Es una liturgia antigua: el 31 de julio se cierran las ciudades sobre sí mismas para esperar el retorno de sus moradores en septiembre. Carteles en las puertas de los comercios comunican lo que ya se sabe: se abre el paréntesis en el que hay que esperar para cualquier asunto porque todo el que puede se escapa al mar, a la montaña o a donde su bolsillo se lo permita. Muchos vuelven al pueblo para comprobar que sus raíces siguen bien amarradas a la tierra. Y de que sus patatas podrán volver a sembrarse.
En Madrid, la mitad de los taxis no pueden trabajar ni circular en la primera quincena de agosto. Y el día 15 se produce el relevo. Apenas hay tránsito por las calles; los bares y los restaurantes que permanecen abiertos reciben a los parroquianos con aire de complicidad, porque muchos se quedan en la ciudad para disfrutar de las dimensiones que debiera tener con los habitantes que de verdad caben.
La política también se esconde en agosto porque sus protagonistas se escapan del calor y buscan la calma en un intento vano de continuar siendo humanos.
No se quieren dar por enterados o no quieren que los ciudadanos sean conscientes de que fuera de España también estarán fuera de la Unión Europea.
Este año la diáspora tiene connotaciones de pánico. En septiembre, el 27, Cataluña celebra algo parecido a unas elecciones autonómicas en las que se pretende repetir el fenómeno del 14 de abril en toda España, que se acostó monárquica y se levantó republicana. Ahora, algunos catalanes, bastantes, pretenden levantarse independientes. El silencio sobre el verdadero reto permanece oculto detrás de unos dirigentes que pretenden pasar a la historia como héroes de una patria que quieren tejer a su medida, a la de sus intereses. No se quieren dar por enterados o no quieren que los ciudadanos sean conscientes de que fuera de España también estarán fuera de la Unión Europea. Tendrán que inventar una nueva moneda y sus fronteras tendrán aranceles para exportar sus productos. Casi todos los sueños son imposibles, pero sobre todo tienen un precio. Y este capricho es tan caro que no habría con quien pagarlo.

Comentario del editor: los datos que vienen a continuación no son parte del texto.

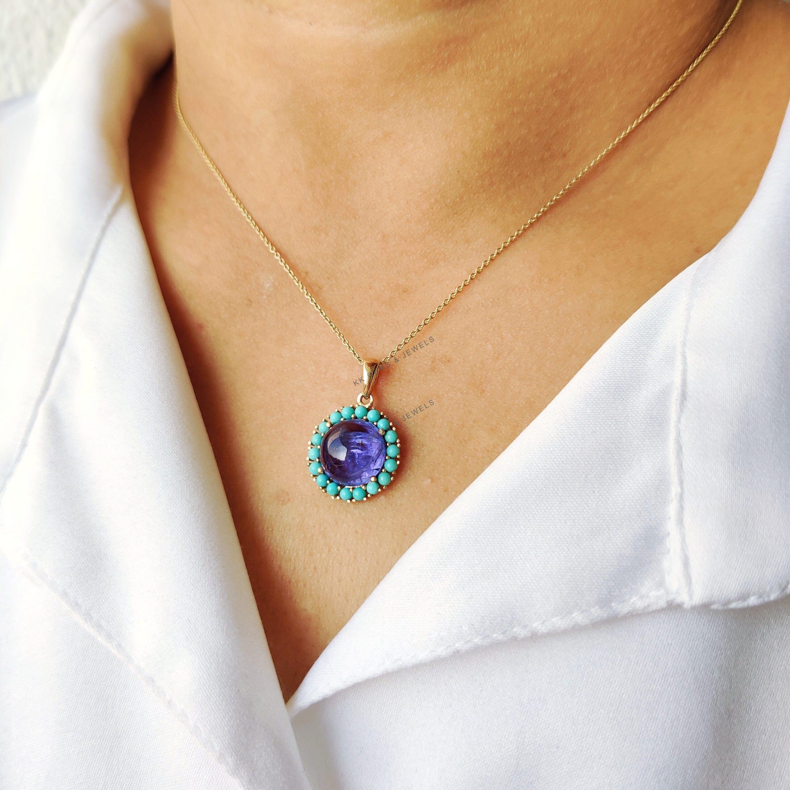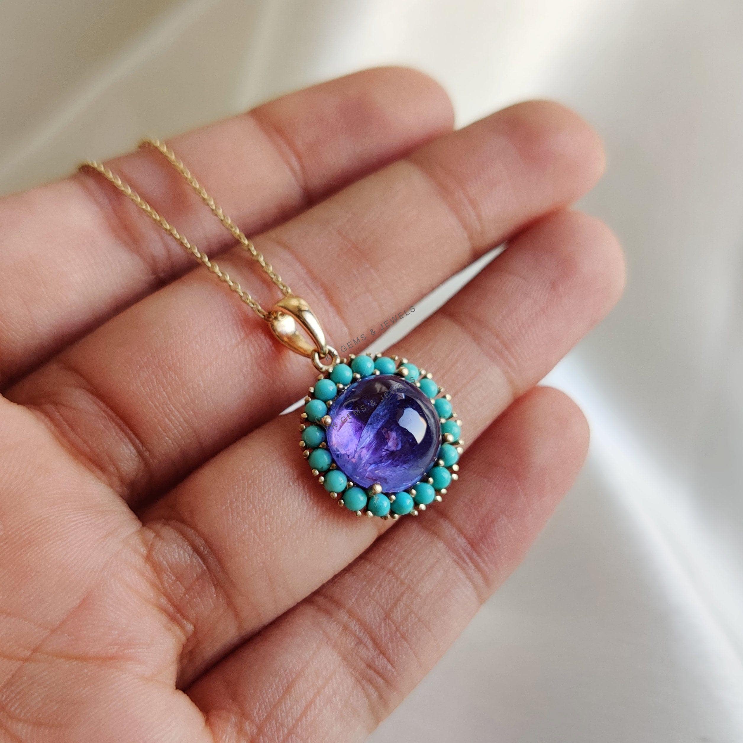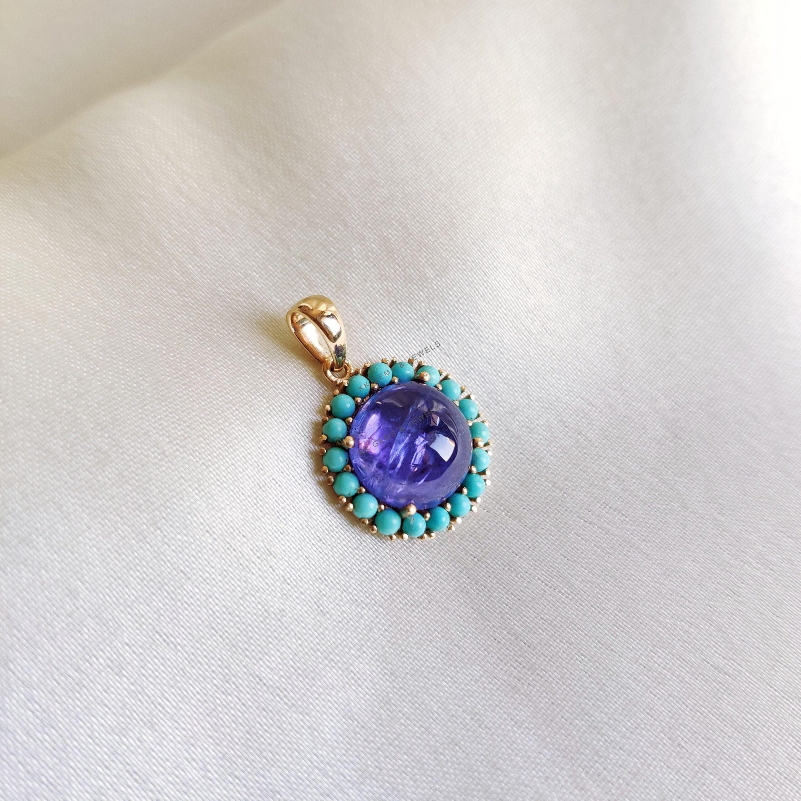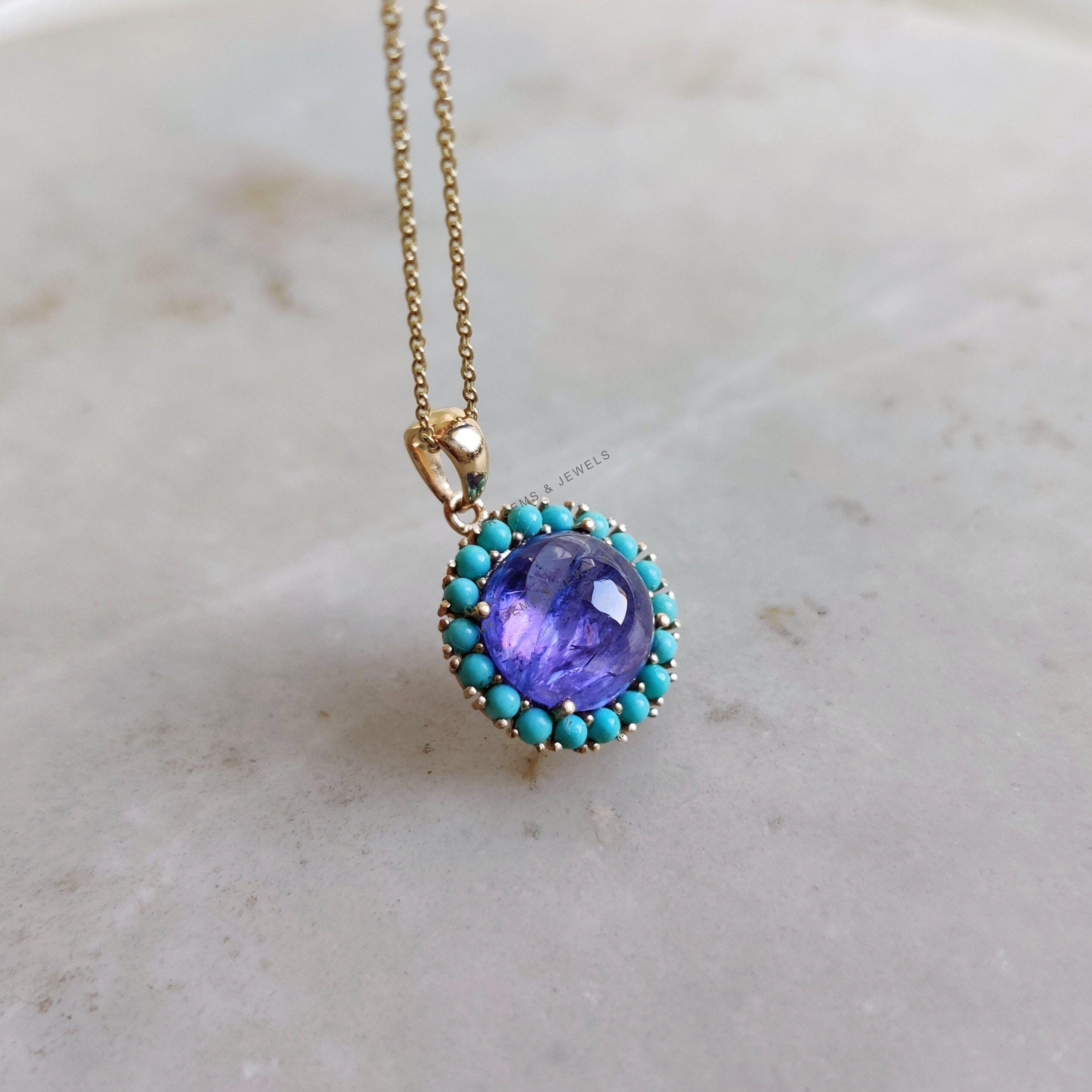 Be the first to review “Round Cabochon Natural Tanzanite Multi Stone Pendant Set in 14K Solid Gold”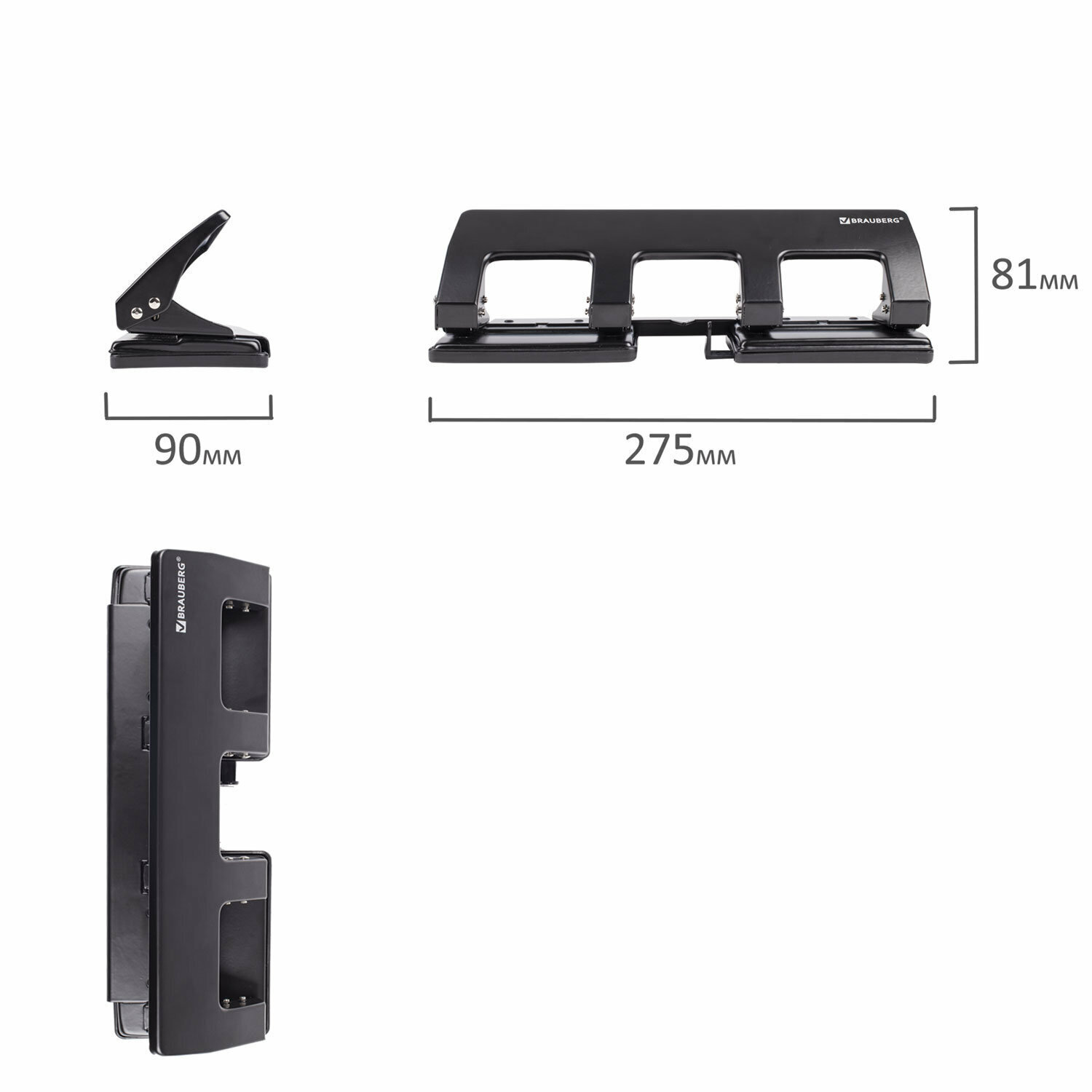 Дырокол металлический на 2-4 отверстия BRAUBERG "HL-4", комплект 3 шт., до 15 л, черный, 221160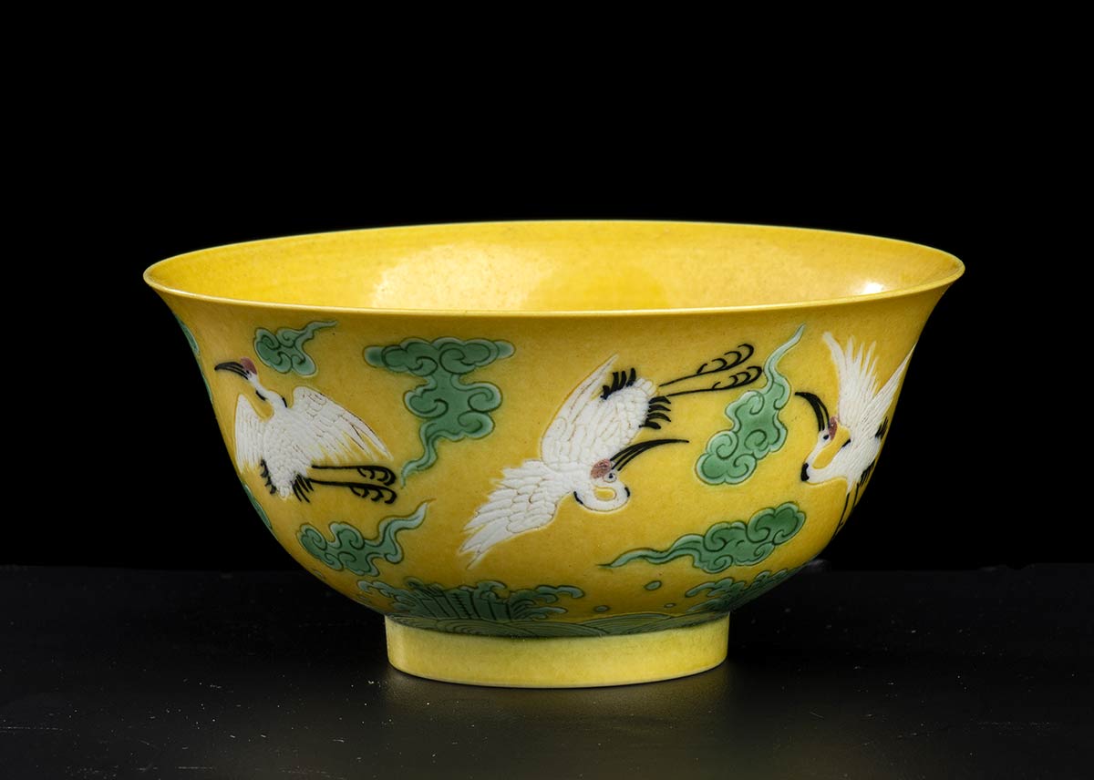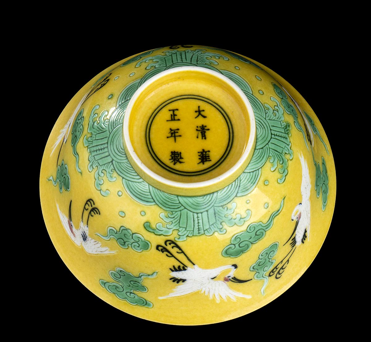 L'esterno decorato a leggero rilievo con gru in volo tra nuvole e onde, smalti policromi su fondo giallo, marchio apocrifo di Yongzheng al centro della base.

La política en Cataluña está en vacaciones perpetuas. Un agosto interminable en la que los problemas no encuentran solución porque ni siquiera se plantean. Todo se ha convertido en sentimientos caducados en su formulación actual porque en todas partes se resolvieron como muy tarde en el siglo XIX.
Los nacionalismos son expresiones de un populismo anclados a una historia que muchas veces ni siquiera es cierta; son como los contratos de Groucho Marx: si no sirve, se cambia por otra confeccionada a la medida.
La historia está llena de ejemplos en que muchos ciudadanos pierden la razón porque la aprietan debajo de sus sentimientos impostados por intereses de élites hasta que deja de existir. Entonces, en la locura colectiva, se formula como proyectos lo que solo son sueños, tan caros que solo se pueden pagar con la tragedia. Esta es la esencia del agosto catalán que ya dura demasiado.